Limaj dice che la Serbia va nel panico per le tasse

Il vice primo ministro del Kosovo Fatmir Limaj ha parlato della visita del Commissario Johannes Hahn in Kosovo. Limaj dice che questa visita è stata programmata. Secondo lui, oltre alle discussioni sulle integrazioni europee, l'argomento irreparabile è stato l'istituzione della tassa. Ha detto che l'incontro di oggi negli ambienti governativi [...]
Il vice primo ministro del Kosovo Fatmir Limaj ha parlato della visita del Commissario Johannes Hahn in Kosovo. Limaj dice che questa visita è stata programmata. Secondo lui, oltre alle discussioni sulle integrazioni europee, l'argomento irreparabile è stato l'istituzione della tassa.
Ha detto che la riunione di oggi negli ambienti governativi è stata una buona opportunità per annunciare ancora una volta il Commissario Hahn perché il Kosovo ha deciso una tale mossa. Limaj ha detto che questa tassa può essere revocata quando un accordo di reciproco riconoscimento tra i due paesi è raggiunto.
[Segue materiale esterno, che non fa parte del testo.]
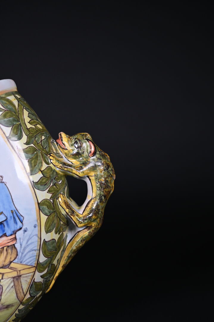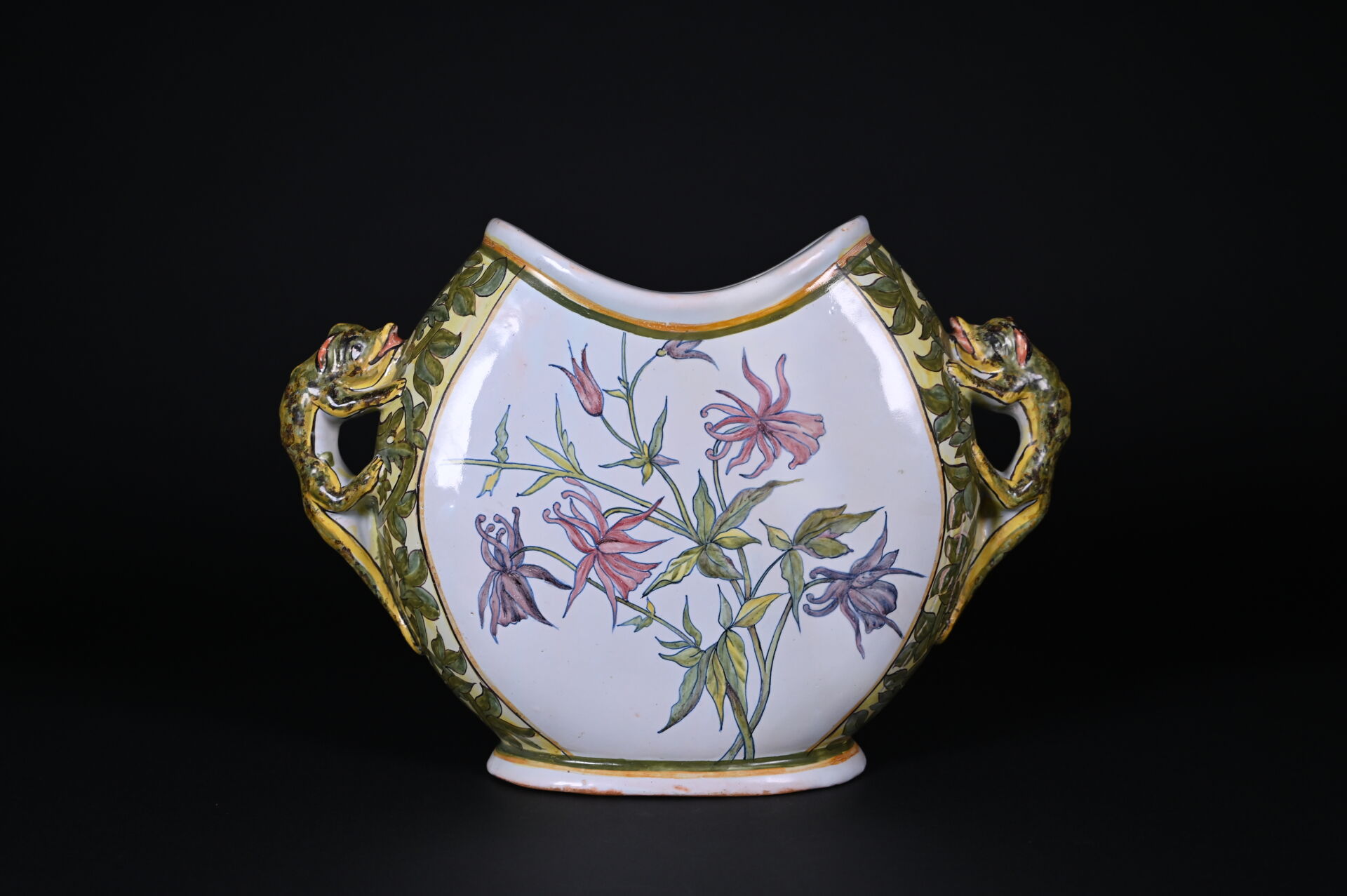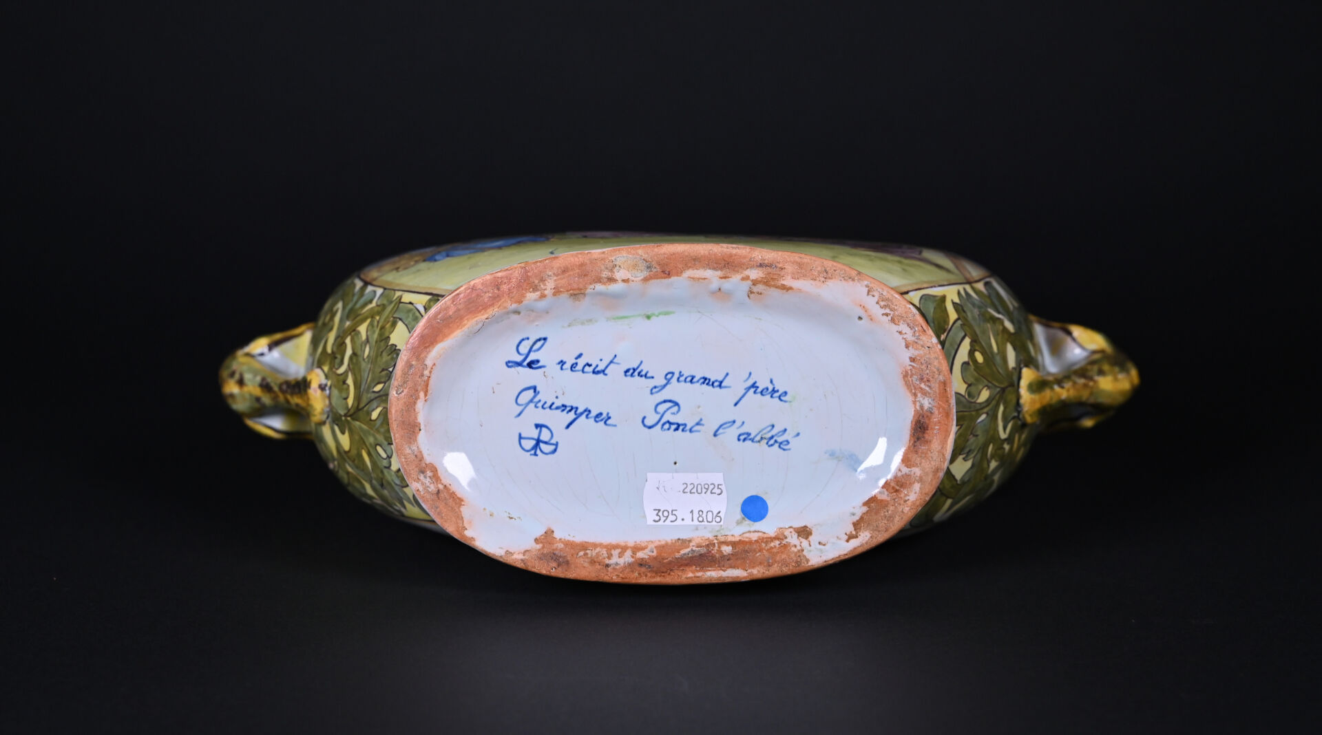 QUIMPER- PORQUIER BEAU. Vase gourde à panse aplatie et large col à décor d’une scène « Le récit du grand-père » sur une face, fleurs sur l’autre face. Les anses formées d’animaux fantastiques sur fond d’acanthes entrelacées (rétractions à l’émail, une restauration). Marqué et titré au dessous. Haut. : 25,5 cm – Larg. : 36 cm.
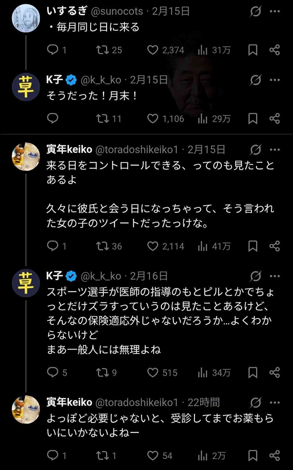 これ系で女でもわれるのは生理周期がシンクロするみたいなあれだろ
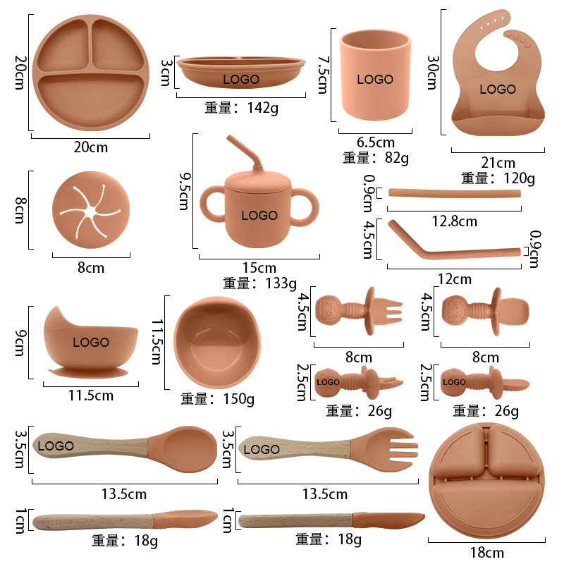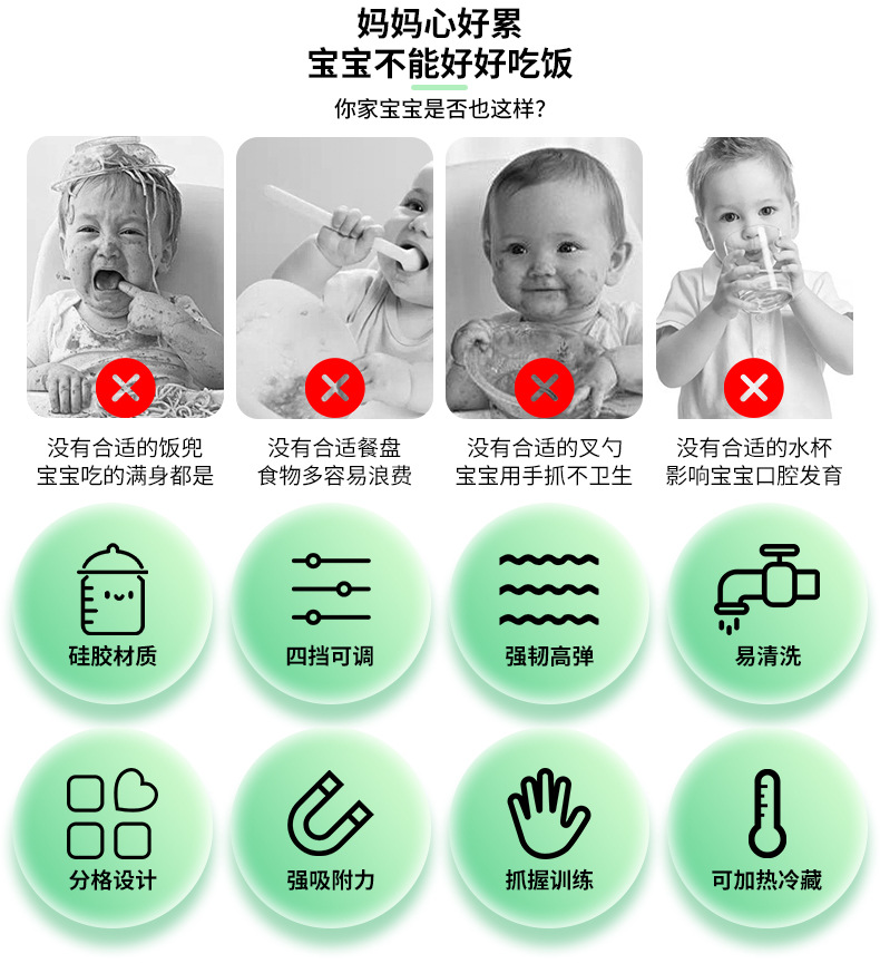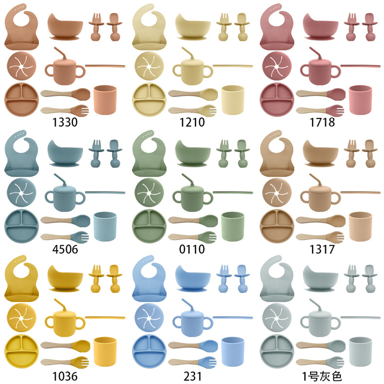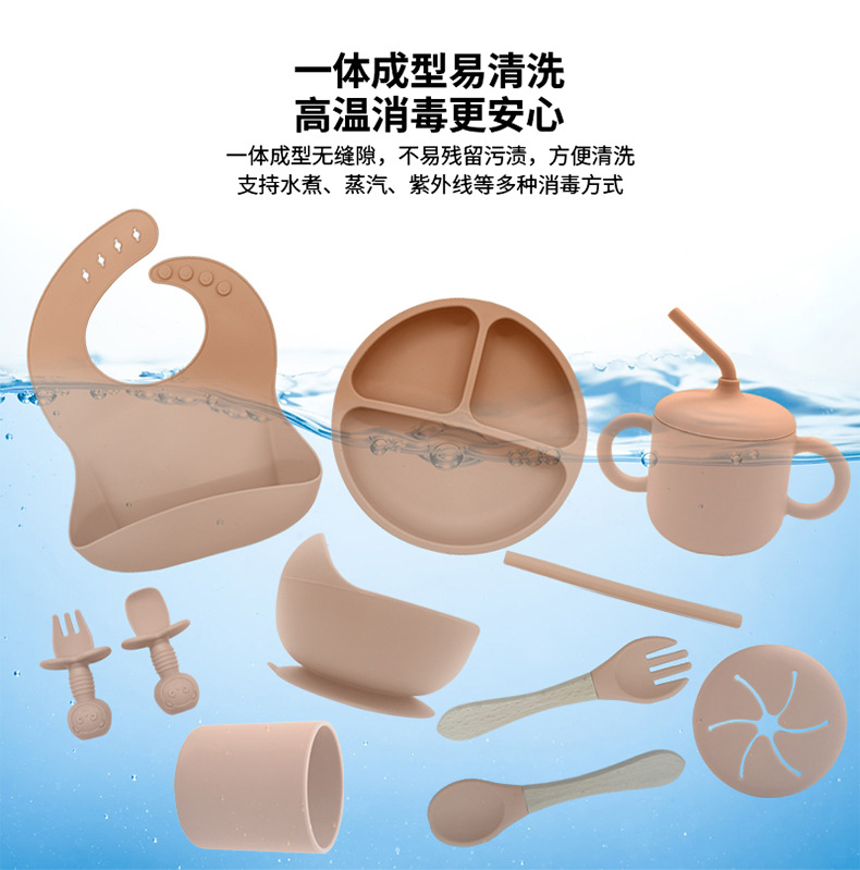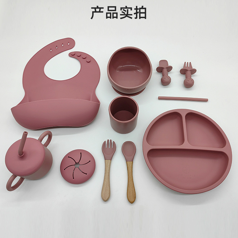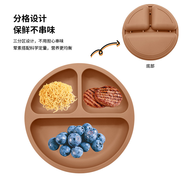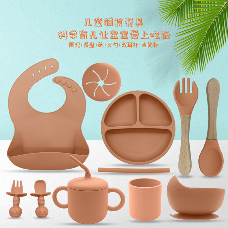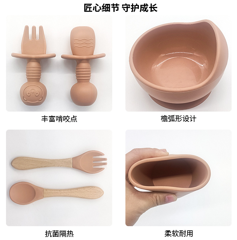 Vajilla de alimentos complementarios para madres, bebés y niños, juego de platos de silicona, juego de platos de alimentos complementarios resistentes a la caída, alimentación de bebés, tenedores, cucharas y platos divididos.
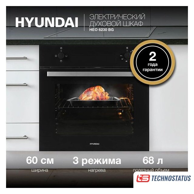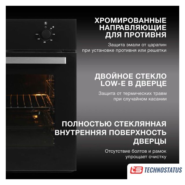 электрический с конвекцией, объем 62 л, 8 режимов, очистка ручная, 2 стекла в дверце, направляющие рельефные
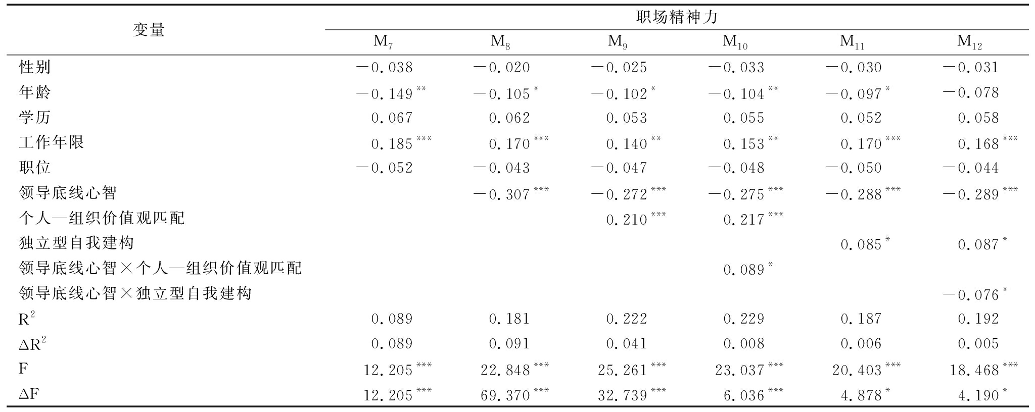 变量 职场精神力M7M8 M9 M10 M11 M12 性别-0.038-0.020 -0.025 -0.033 -0.030 -0.031 年龄-0.149**-0.105* -0.102* -0.104** -0.097* -0.078 学历0.0670.062 0.053 0.055 0.052 0.058 工作年限0.185***0.170*** 0.140** 0.153** 0.170*** 0.168*** 职位-0.052-0.043 -0.047 -0.048 -0.050 -0.044领导底线心智 -0.307*** -0.272*** -0.275*** -0.288*** -0.289***个人—组织价值观匹配 0.210*** 0.217*** 独立型自我建构 0.085* 0.087*领导底线心智×个人—组织价值观匹配 0.089* 领导底线心智×独立型自我建构 -0.076* R20.089 0.181 0.222 0.229 0.187 0.192 ΔR20.089 0.091 0.041 0.008 0.006 0.005 F12.205***22.848*** 25.261*** 23.037*** 20.403*** 18.468*** ΔF12.205***69.370*** 32.739*** 6.036*** 4.878* 4.190*
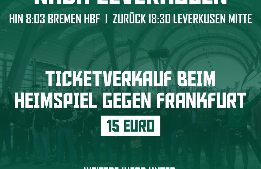 Moin Werderfans! Zum Auswärtsspiel in Leverkusen wird es einen Entlastungszug geben. Dieser kostet 15€ pro Person. Das Zugticket gilt für die Hin- und Rückfahrt. Den Ticketverkauf findet ihr morgen gegenüber
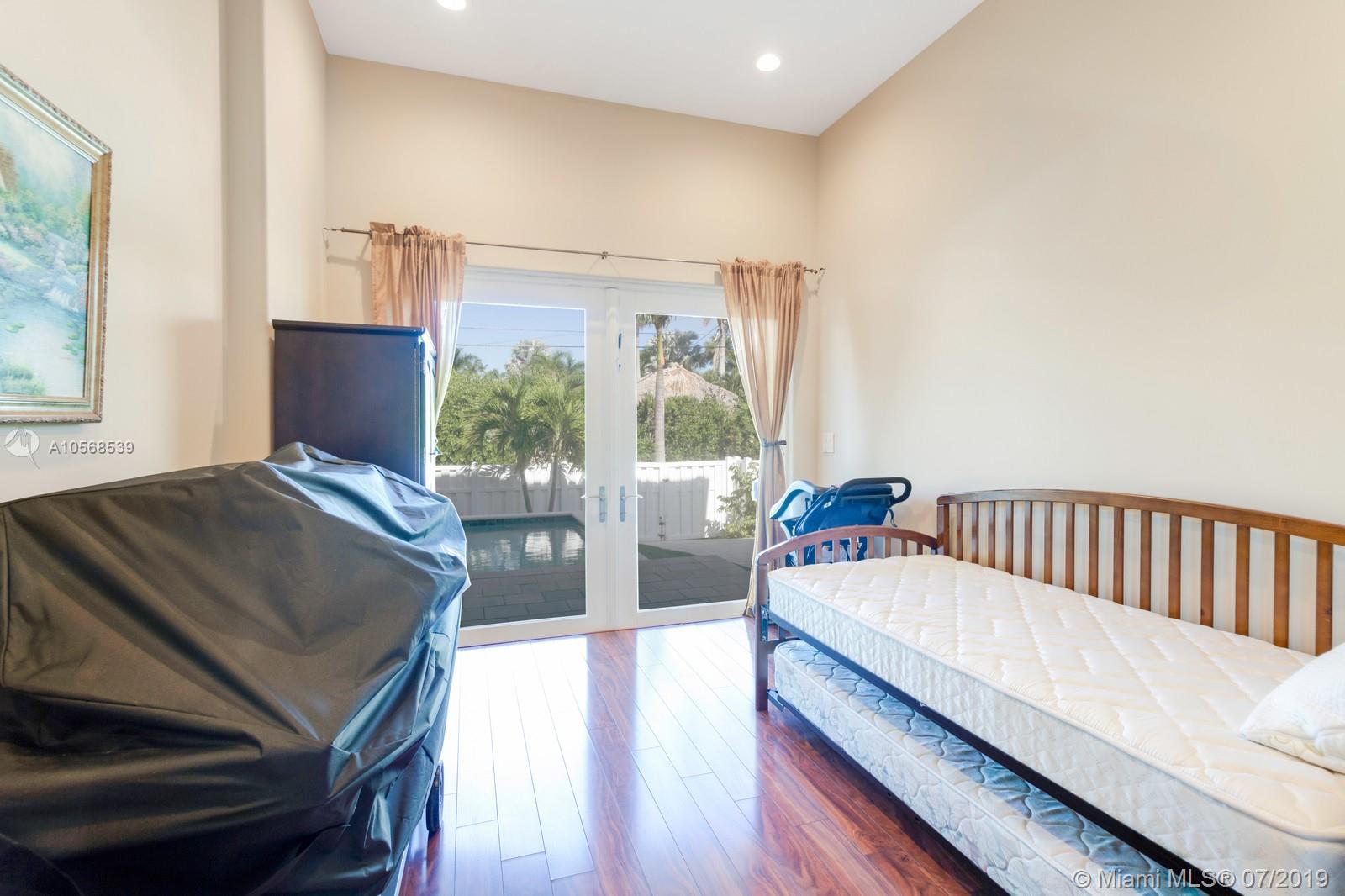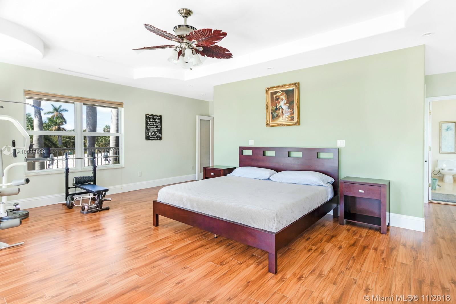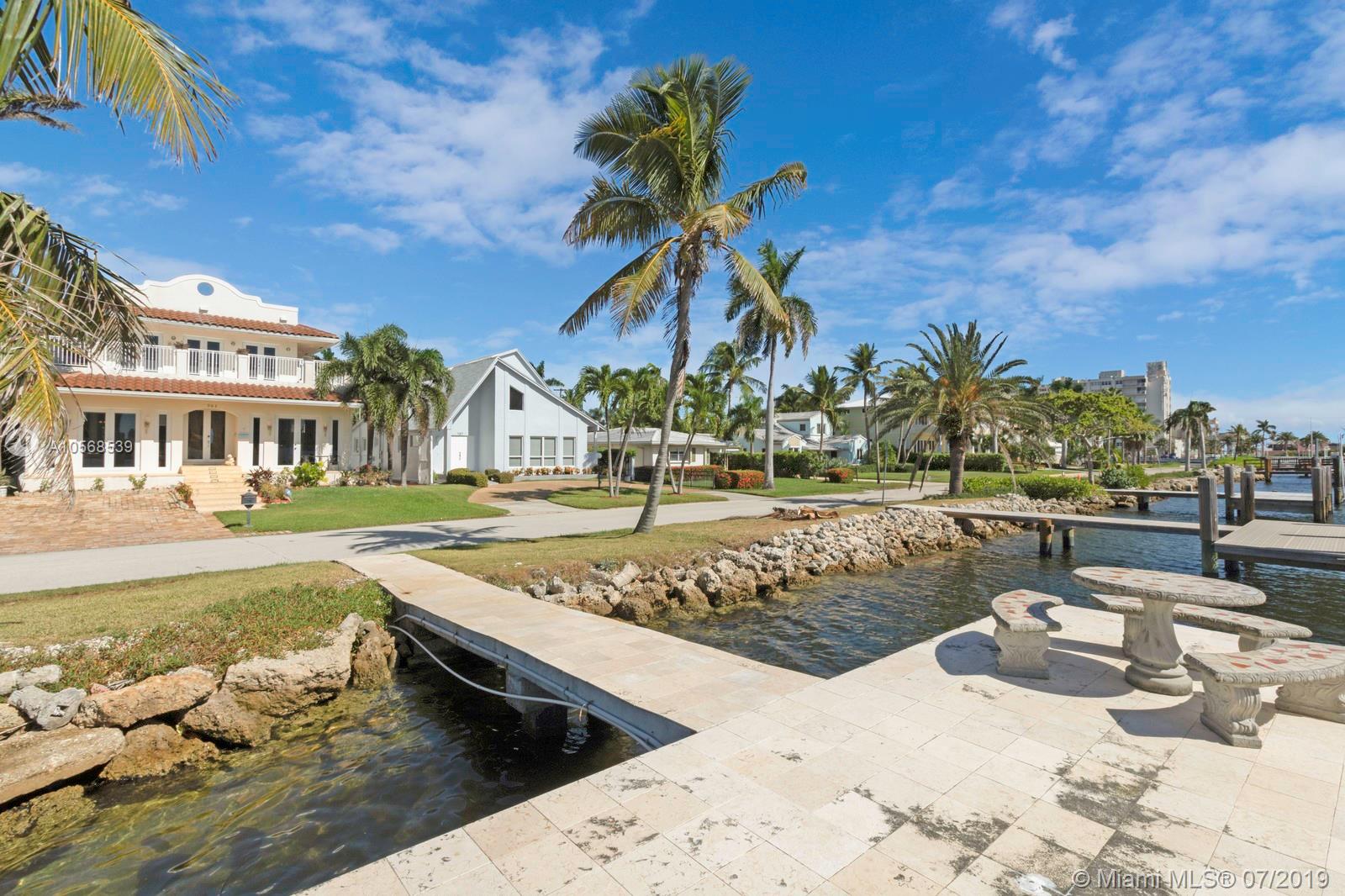 Magnificent estate. Newer Mediterranean masterpiece home with ocean access features a total of 5 Bedroom, 5 1/2 Bath, and Beautiful oversized salt water pool w/patio area. 2nd Floor balcony is approx. 570 sq. ft. Spacious Kitchen features granite countertops. Approx. 12" high ceiling. Great room has large 177" projector screen with wet bar. Master suite has sitting area with lots of windows, beautiful water views and a wrap around balcony. Impact windows and doors. Access to roof deck from 2nd floor is approx. 2,100 sf. with endless water views. 3 houses from the intercostal waterways Minutes from the beach. Dock is leased by the city for $500.00 / year.
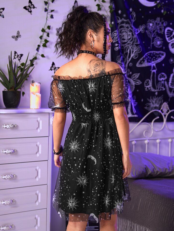 Goth Kleid mit Sonne & Mond Grafik Kontrast Netzstoff

L'Unione europea è interessata a trovare un modo per trovare la soluzione. Questa mossa non è nella visione del Kosovo o dell'UE, perché l'idea è unificazione e cooperazione, ma in questa parte della regione abbiamo una situazione anormale che richiede soluzioni. Ci sono due paesi che non si conoscono. La Serbia usa tutta la meccanizzazione per distruggere il Kosovo e in questa situazione abbiamo preso misure di autodifesa. È giunto il momento di avere un accordo completo quando i due stati si conoscono. Il governo kosovaro è pronto a discutere tutte le questioni aperte con la Serbia, e in definitiva il riconoscimento reciproco tra i due paesi
Ha detto che l'azione fiscale è in difesa della sicurezza nazionale.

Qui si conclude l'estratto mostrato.